For the successful application of machine learning in general and in medical physics, radiology and oncology in particular, one first needs to properly characterize the nature of the problem, in terms of the input data and the desired outputs. Secondly, despite the robustness of machine learning to noise, a good model cannot substitute for bad data, keeping in mind that models are primarily built on approximations, and it has been stated that “All models are wrong; some models are useful (George Box).” Additionally, this has been stated as the GIGO principle , garbage in garbage out as shown in Fig. 1.4 [65].

Fig. 1.4
figure 4

GIGO paradigm. Learners cannot be better than the data

Thirdly, the model needs to generalize beyond the observed data into unseen data, as indicated by the inductive bias mentioned earlier.
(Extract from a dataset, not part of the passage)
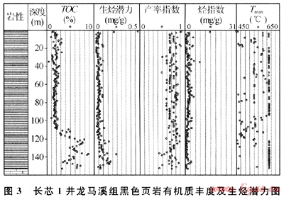 對上揚子地區下志留統龍馬溪組有機碳含量統計,發現下志留統龍馬溪組有機碳含量變化大,分布在0.1%~8.65%之間,多數大于1%。長寧-珙縣地區鉆探的長芯1井,通過對龍馬溪組下部黑色頁巖153m連續取心的有機碳含量分析(圖3)同樣反映出這種變化特征。在110m以淺,TOC含量處在1%~3%之間,平均為2%,110~153m井段(龍馬溪組最底部)TOC均大于2%,平均值可達到6%。全井段統計,TOC>2.0%的累計厚度可達80m,主要分布于龍馬溪組下段(包括上奧陶統約10m的五峰組碳質頁巖),這將是形成頁巖氣藏最有利層段。

To achieve this goal, the model needs to be kept as simple as possible but not simpler, a property known as parsimony, which follows from Occam’s razor that “Among competing hypotheses, the hypothesis with the fewest assumptions should be selected.” Analytically, the complexity of a model could be derived using different metrics such as Vapnik–Chervonenkis (VC) dimension discussed in Chap. 2 for instance [32]. However, deep learning algorithms with their large number of layers for learning data representation and performing model prediction in the same architecture, may present a future challenge to this classical notion, but the overall objective remains the same, that is, to achieve generalizability to out-of-sample data, which should be carefully evaluated as discussed in Chap. 6. Finally, a major limitation in the adoption of machine learning in general and deep learning in particular by the larger medical community is the “black box” stigma and the inability to provide an intuitive interpretation of the learned process that could help clinical practitioners better understand their data and trust the model predictions. This is an active and necessary area of research that requires special attention from the machine learning community working in biomedicine. Solutions such as deriving proxy models, developing attention maps, providing disentangled representation or learning with known operators have been emerging to create a more interpretable/explainable machine learning paradigm [66,67,68,69,70].

12 Conclusions

Machine and deep learning present computer algorithms that are able to learn from the surrounding environment to optimize the solution for the task at hand. It builds on expertise from diverse fields such as artificial intelligence, probability and statistics, computer science, information theory, and cognitive neuropsychology. Machine learning algorithms can be categorized into different classes according to the nature of the data, its representation, the learning process, and the model type. Machine learning has a long history in biomedicine, particularly in radiology, but its application in medical physics and oncology is in its infancy, with high potential and promising future to improve the safety and efficacy of clinical care and advance cancer research discovery.